#### Problem description
Nothing but the pictures should be dropped; repeat the rest of the data below exactly.

#### Data section
################
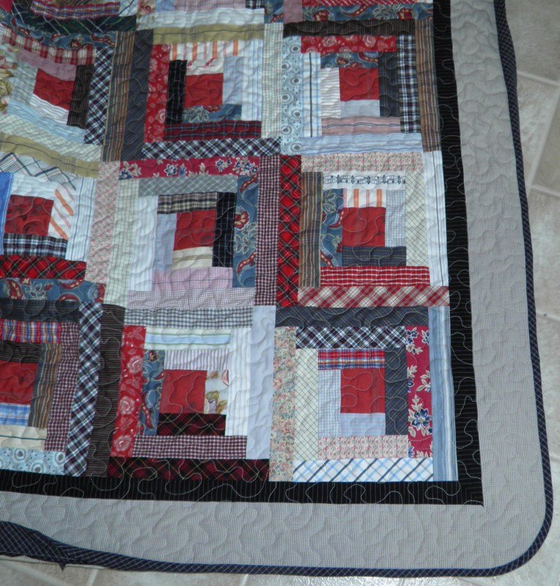 JudyPete Log Cabin Recycled Shirt Quilt - I love the use of recycled shirts in making this log cabin quilt. This time I used a rounded corner on the edging and am pleased with out that turned out. Batting is Hobbs Heirloom 80/20. Fabrics are all 100 percent cotton gleaned from men's shirts.
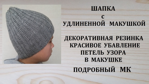 Шапка с удлиненной макушкой Красивое убавление петель узора в макушке Подробный МК
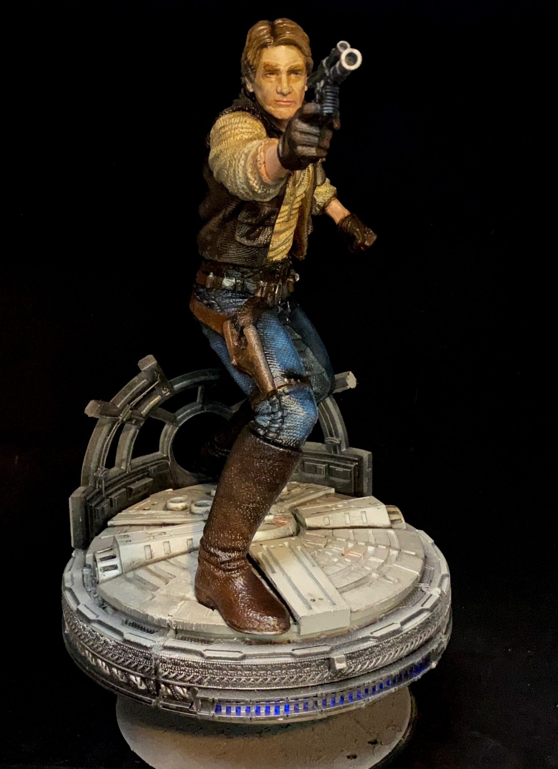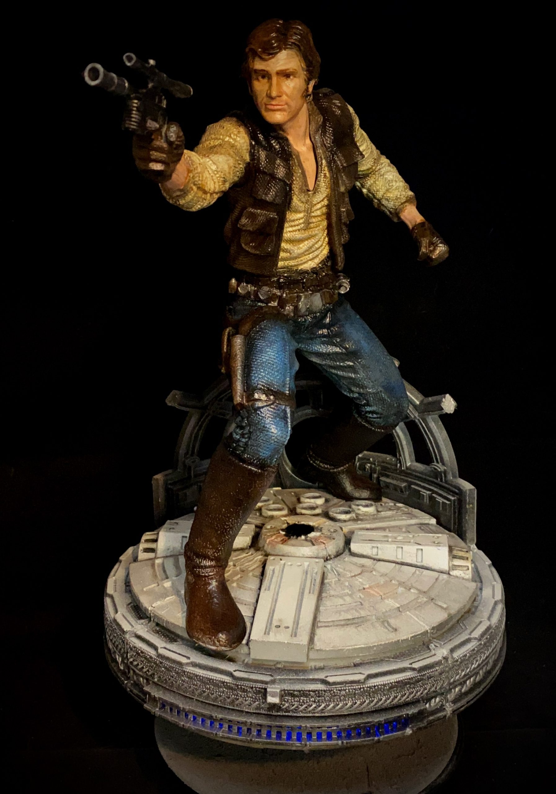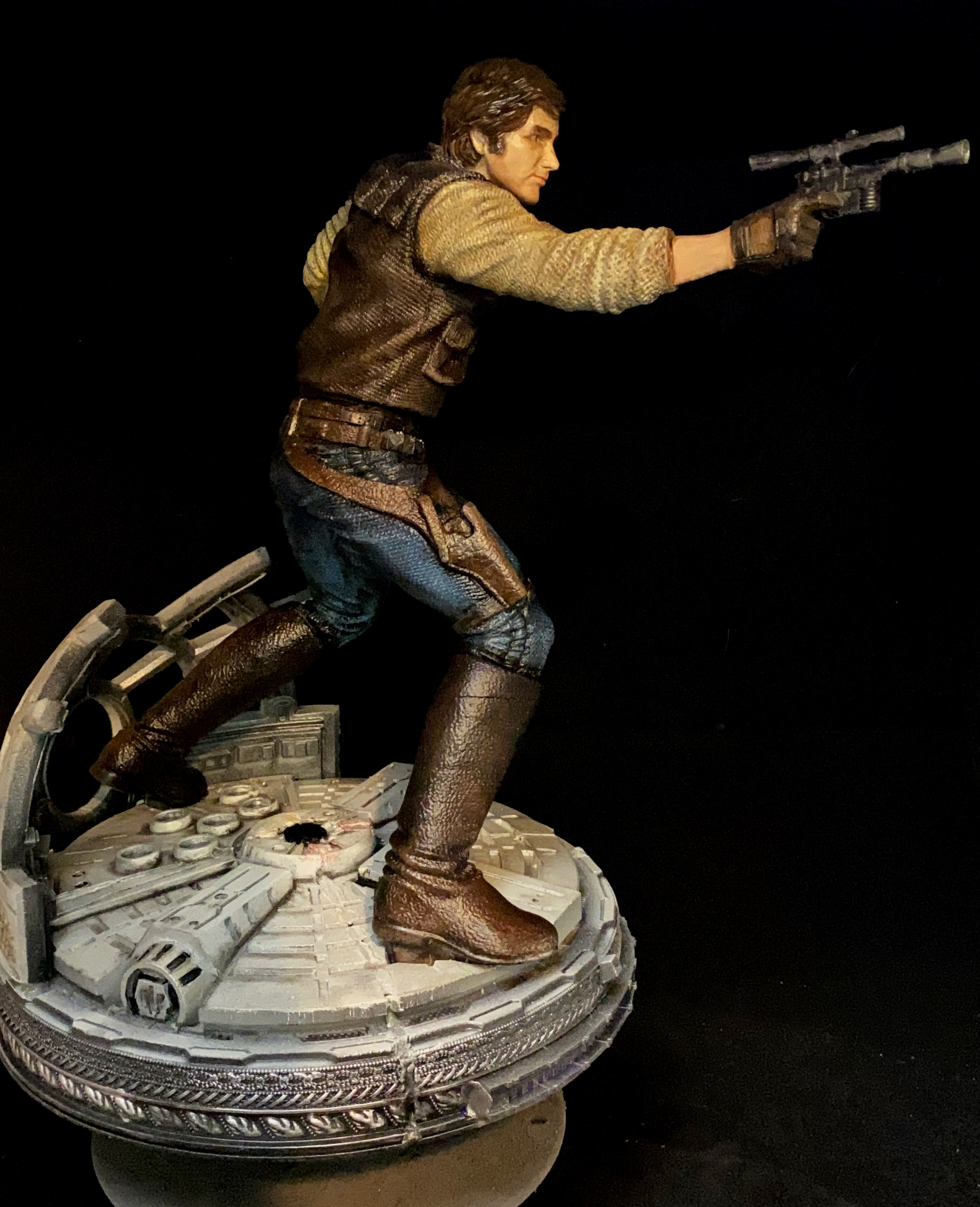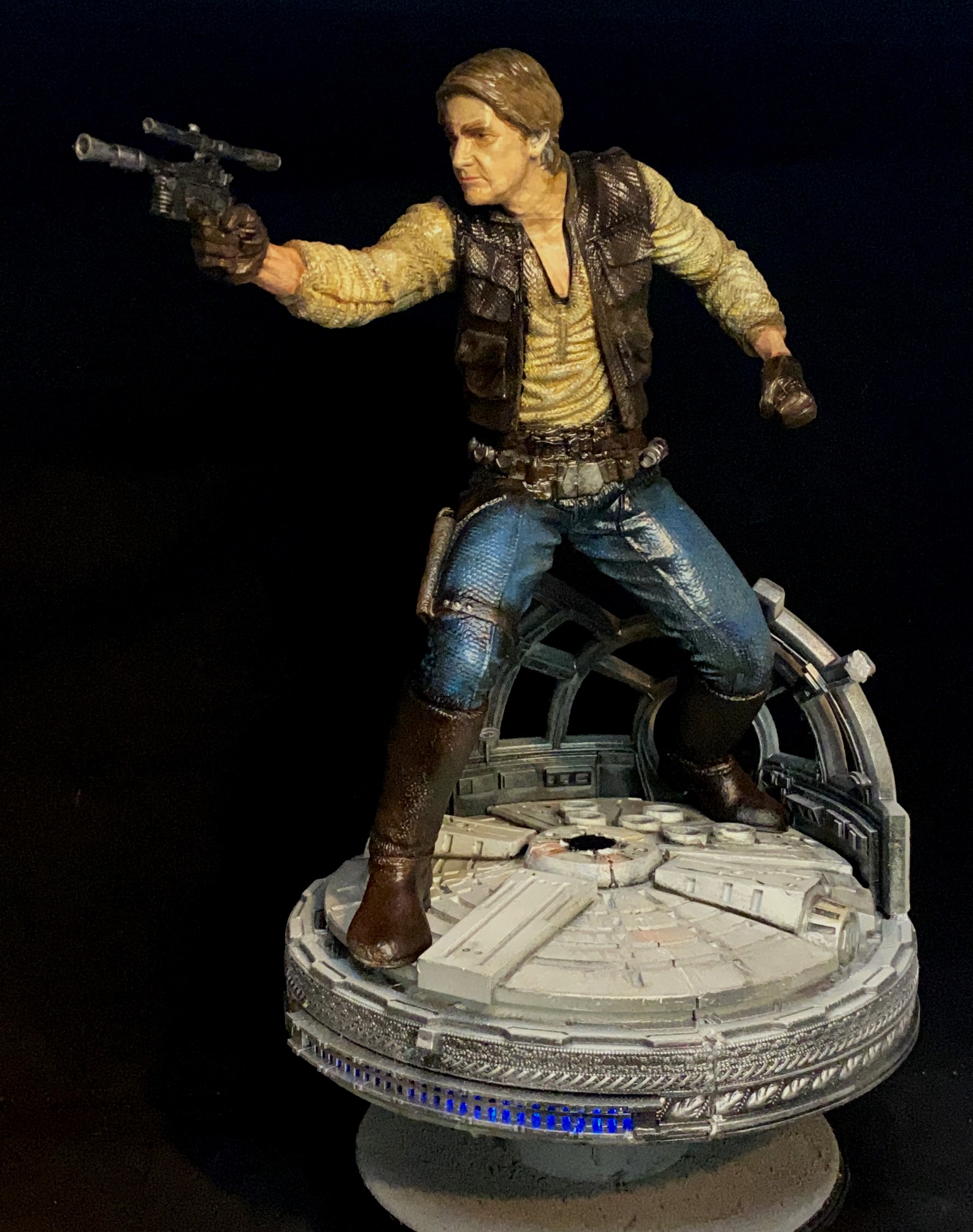 This piece is from the Star Wars arm of the Wicked design team. It features swappable heads (young and old Han), as well as an LED lit base.
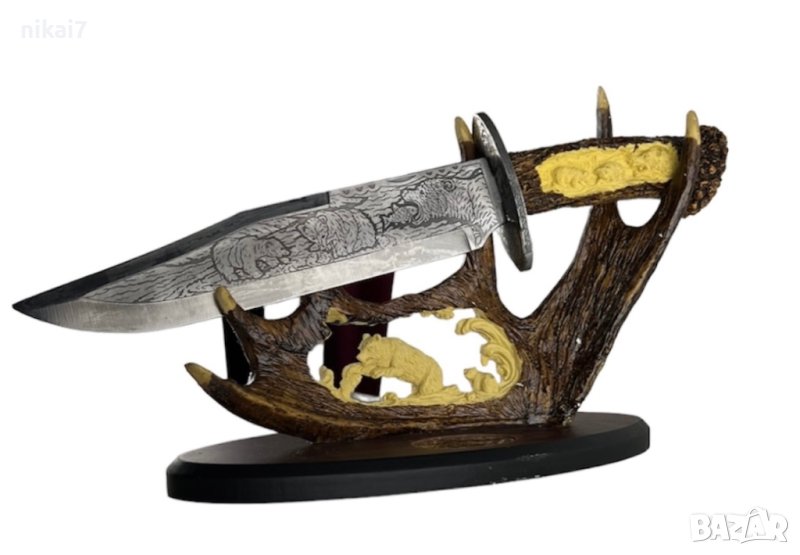 ловен нож колекционерски нож сувенир подарьк трофейна поставка 22cM
################
#### Response area
 JudyPete Log Cabin Recycled Shirt Quilt - I love the use of recycled shirts in making this log cabin quilt. This time I used a rounded corner on the edging and am pleased with out that turned out. Batting is Hobbs Heirloom 80/20. Fabrics are all 100 percent cotton gleaned from men's shirts.
 Шапка с удлиненной макушкой Красивое убавление петель узора в макушке Подробный МК
 This piece is from the Star Wars arm of the Wicked design team. It features swappable heads (young and old Han), as well as an LED lit base.
 ловен нож колекционерски нож сувенир подарьк трофейна поставка 22cM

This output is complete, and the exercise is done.